On était à deux doigts de refaire la vanne du « meilleur film de l’année ? » dans le titre, mais finalement on a trouvé que curieux était un objectif plus approprié à Sale temps à l’hôtel El Royale. Ce qui n’enlève rien à sa qualité.
Le talent pour la déconstruction de Drew Goddard nous fascine depuis sa première réalisation – l’excellent La Cabane dans les Bois – et en tant que scénariste, on n’en parle même pas. C’est donc bien la curiosité (encore ce mot !) qui nous aura poussé à aller voir Sale Temps à l’hôtel El Royale, ne sachant absolument pas à quelle sauce Dewey nous mangerait.
Sur bien des points, le film représente le paroxysme du style du bonhomme tant il s’amuse à faire ce qu’il sait faire de mieux : bousculer nos attentes. À l’image de son introduction, le réalisateur nous manipulera tout du long en nous servant des scènes d’une incroyable banalité avant d’attirer notre attention sur un détail troublant, et conclure violemment. Son style possède ce quelque chose de tarantinesque, mais alors qu’on se demande constamment si le long-métrage tombera dans la folie exutoire, Goddard lui préfère une réalité bien plus cruelle.
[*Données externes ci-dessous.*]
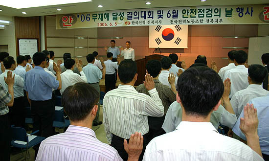 한국전력 전북지사(지사장 한광희)는 5일 지사 강당에서 제25회 산업안전보건 강조기간을 맞아 무재해 달성 결의대회를 가졌다.

Sale temps à l’hôtel El Royale, un questionnement permanent
Chaque personnage, chaque pan du scénario se veut écrit, filmé avec une seule idée directrice : ne nous laisser aucune certitude. Le qui, le quoi, le pourquoi, le cinéaste ne nous donnera que ce qu’il a envie de nous donner et jamais de la manière qu’on aurait imaginé. Un principe qui va au-delà de ce qu’on peut voir à l’écran puisqu’il touche aussi les thèmes que le métrage évoque, notamment la religion.
En choisissant l’année 1969 pour son histoire, Goddard confronte l’ancien monde avec le nouveau. Qu’est-ce que le bien ? Le mal ? Faut-il se taire face au racisme, à la misogynie, au fanatisme ? Le long-métrage n’apportera aucune réponse, ou très peu, seulement la notion de choix, l’envie de croire ou non. Le réalisateur ne laisse rien au hasard et chaque élément visuel, de la ligne frontalière aux miroirs, n’est qu’une symbolique de plus placée là pour laisser aux acteurs de cette tragédie le soin de prendre leurs propres décisions.
Loin des clichés apparents, Sale Temps à l’hôtel El Royale perturbe au plus haut point et démontre tout le talent de Drew Goddard pour la narration. Ce n’est pas le film qu’on était venus voir et on ne s’en plaindra pas.